Thursday, March 1, 2012
I love Jason Gray , and more specifically, I love this song of his. I love the simplicity of the lyrics - "Tell me, lest I forget, who I am to you [God]". I've listened to this song countless time over the past week or so because, frankly, I've forgotten who I am.
I look in the mirror, and I don't recognize myself. I've never looked like this before, so it's foreign to me - not only the face staring back, but the body attached to it. It's true, I look different, but inside there somewhere is the same person I was a year ago. Honestly, I'm not altogether sure I know who that person was either, but my God does.
He not only knows who I am, he loves who I am. He may not always love what I do-- for instance, he doesn't love that I haven't taken care of my body. In Romans 12:1, I'm told to offer my body as a living sacrifice and that the sacrifice be holy and pleasing, as a spiritual act of worship. Overfeeding my body and thus subjecting it to myriad malfunctions a body can have due to carrying too much weight around doesn't sound holy and pleasing to me. Neither is it a sacrifice. I've failed in this area.
However, the glory of my life comes straight from the mercy of my God. He says to me - It's okay, remember who you are? You're mine, and I love you.

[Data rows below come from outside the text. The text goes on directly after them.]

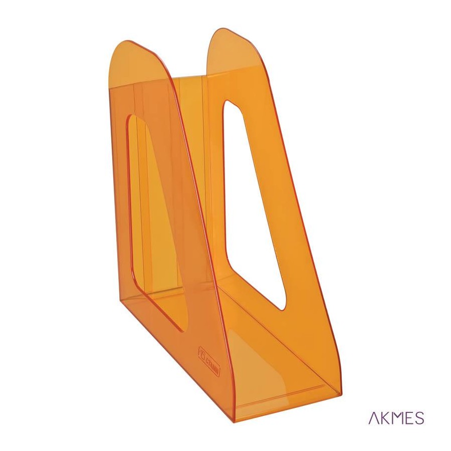 Pojemnik na dokumenty pionowy"Favorit" szerokość 90 mm na dokumenty i foldery A4. Nowoczesny design, błyszcząca powierzchnia. Kompaktowy, bez progu przedniego co umożliwia bezpośrednio wysuwanie dokumentów. Lekki, wytrzymały, stabilny korpus z jednym dużym wycięciem na boku. Materiał polistyren. Wymiary 23,5 cm x 24,0 cm x 9,0 cm. Kolor przyciemniany mango.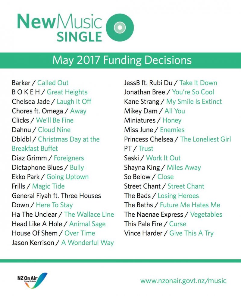 NZ On Air Music has published the results of its May 2017 New Music Single funding round.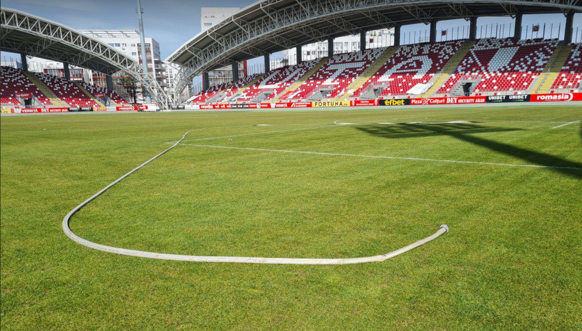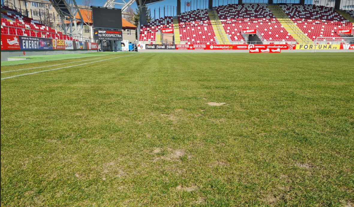 Furtunul s-a făcut stăpân pe gazonul de pe „Francisc Neuman”! Petrache: „Nu e o mare problemă repararea sistemului de irigare, dar nu am fost solicitați!”

As I peel back the layers of my life, both literally and physically I am better able to grasp the concept of who I am. I'm able to see more clearly that I'm not what I do; I'm more than that. I'm more than the things I do. I am more than what I eat, wear or own. I am me and I have a purpose with a place not only in the heart of God, but in the lives of everyone I come in contact with. I desperately want to make my time here on this planet mean something. In order to do that, I have to remember who I am.